Related Work & Insights¶
- vs. GradNorm / PCGrad / IMTL: These methods operate in gradient space (projection, reweighting); the proposed method operates in feature space (projection onto orthogonal subspaces), functioning at a higher level of abstraction.
- vs. Nash-MTL / FAMO: These pursue more sophisticated multi-task optimization objectives but do not alter representational structure—the experiments in this paper demonstrate that structural modification is more effective than optimization-level improvements.

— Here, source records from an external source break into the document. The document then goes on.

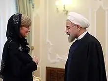 In April 2015, Bishop paid an official visit to Iran, following the conclusion of a visit to India. She was the first Australian government minister to visit the country since 2003, having been personally invited by Iran's foreign minister, Mohammad Javad Zarif. They discussed the proposed nuclear deal and issues relating to Iranian asylum seekers in Australia.[56] Bishop wore a headscarf or a hat for the duration of her visit, and did not shake hands with male dignitaries in order to avoid offending local sensibilities. She received some criticism for doing so, with Andrew Bolt rhetorically asking whether she should have "subjugated herself" to Islamic law. Head coverings are not mandatory for foreign women visiting Iran. In response, she said: "As a matter of fact I wear scarves and hats and headgear quite often as part of my everyday wear".[57][58]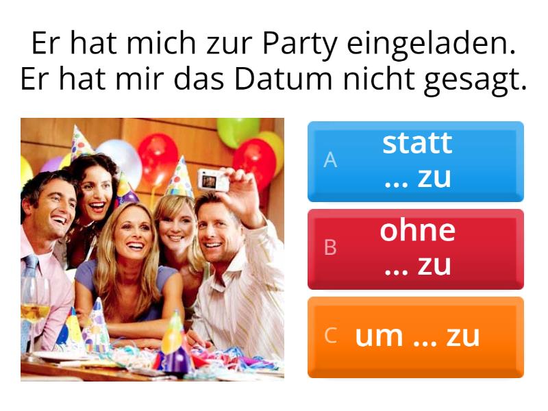 1) Er hat mich zur Party eingeladen. Er hat mir das Datum nicht gesagt. a) statt ... zu b) ohne ... zu c) um ... zu 2) Er ist die Treppe hochgelaufen. Er hat den Aufzug nicht benutzt. a) statt ... zu b) ohne ... zu c) um ... zu 3) Er holte die Gießkanne. Er wollte die Blumen gießen. a) statt ... zu b) ohne ... zu c) um ... zu 4) Sie verkaufte das Auto. Sie sagte niemandem in der Familie etwas. a) statt ... zu b) ohne ... zu c) um ... zu 5) Sie kauft die Bluse. Sie probiert sie nicht an. a) statt ... zu b) ohne ... zu c) um ... zu 6) Sie geht ein paar Schritte zurück. Sie will ein Foto machen. a) statt ... zu b) ohne ... zu c) um ... zu 7) Sie telefoniert mit dem Hotel. Sie will ein Zimmer reservieren. a) statt ... zu b) ohne ... zu c) um ... zu 8) Er geht nach Hause. Er verabschiedet sich nicht. a) statt ... zu b) ohne ... zu c) um ... zu 9) Tim geht lieber spazieren. Er sieht nicht fern. a) statt ... zu b) ohne ... zu c) um ... zu 10) Ich lerne Deutsch. Ich möchte in Deutschland arbeiten. a) statt ... zu b) ohne ... zu c) um ... zu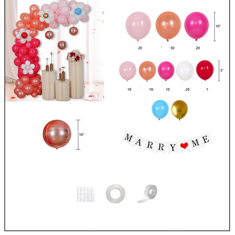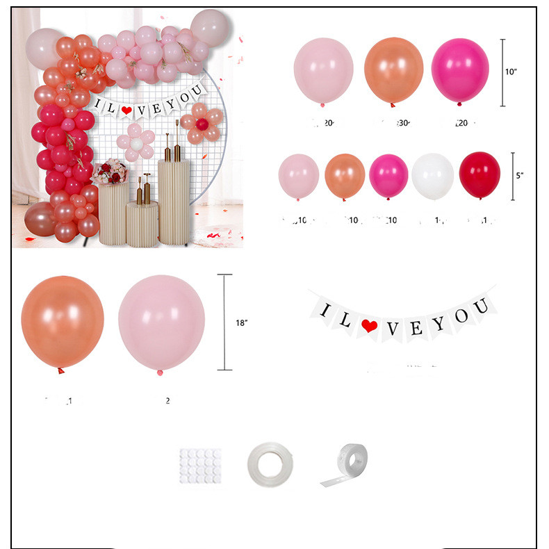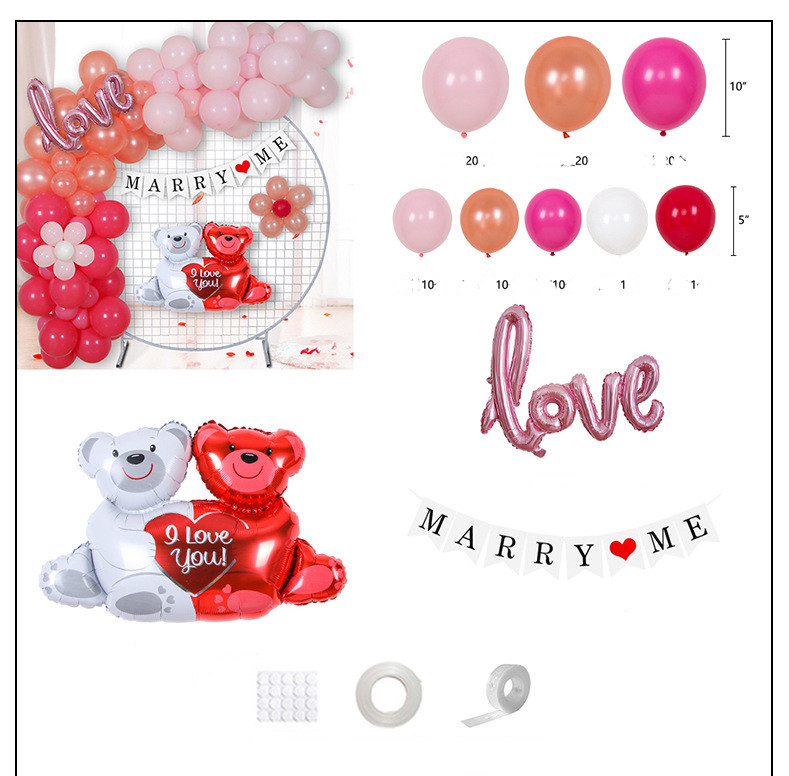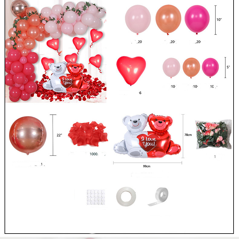 Size: Valentine's Day Hug Bear Balloon Chain, Valentine's Day Flower Balloon Chain, Valentine's Day LOVE Balloon Chain, Valentine's Day Rose Petal Set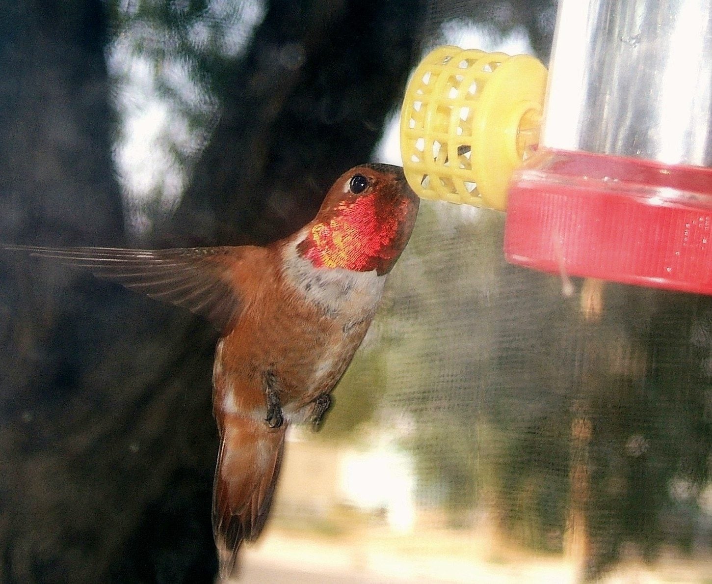 My dad feeds the hummingbirds at his house and at the cabin. He only gets the Ruby Throated hummingbird. And only two feeders at each place. He has about 13 hummers coming in regularly at the house, a few more at the cabin. A few years ago, he was sitting on the screen porch reading his Sunday paper when the male hummers started chasing each other around. One of them missed on his attack and wound up sticking his beak into the screen and getting stuck. He tried to get out for a couple of minutes, putting it into high speed reverse but was stuck too tight. My dad was worried about the poor little guy so he got up, gave it a tap on the tip of its beak and POP! it was loose and flew away.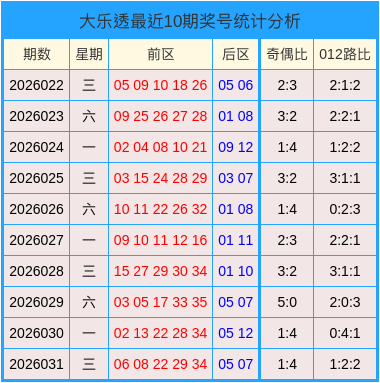大乐透最近10期分析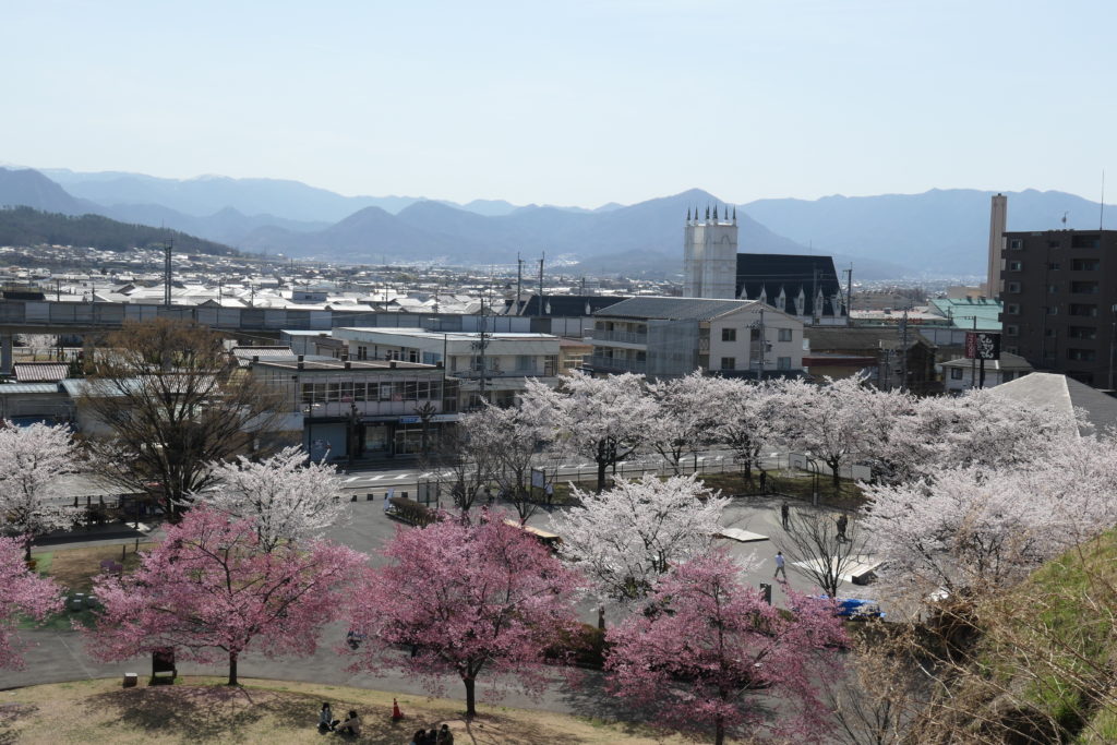 小諸市は標高が高く、少し寒冷のため咲いていない花が多かったです。天守台に咲く一本の桜が一番咲いていました。日当たりが一番いい場所であるため、良く咲いていました。右の写真は天守台から撮影した写真で、これからたくさん咲く桜たちです。お祭りの準備をしていたので、2,3日経ったら違った景色が見られたのかもしれません。次回は満開の時期に行って見たいと思います。

- vs. β-VAE and disentanglement methods: β-VAE achieves loose disentanglement via KL divergence penalties; the proposed method enforces strict disentanglement through hard orthogonality constraints.
- vs. contrastive learning: SupCon and RNC are used as loss functions within each subspace—they are components of the method rather than competing approaches.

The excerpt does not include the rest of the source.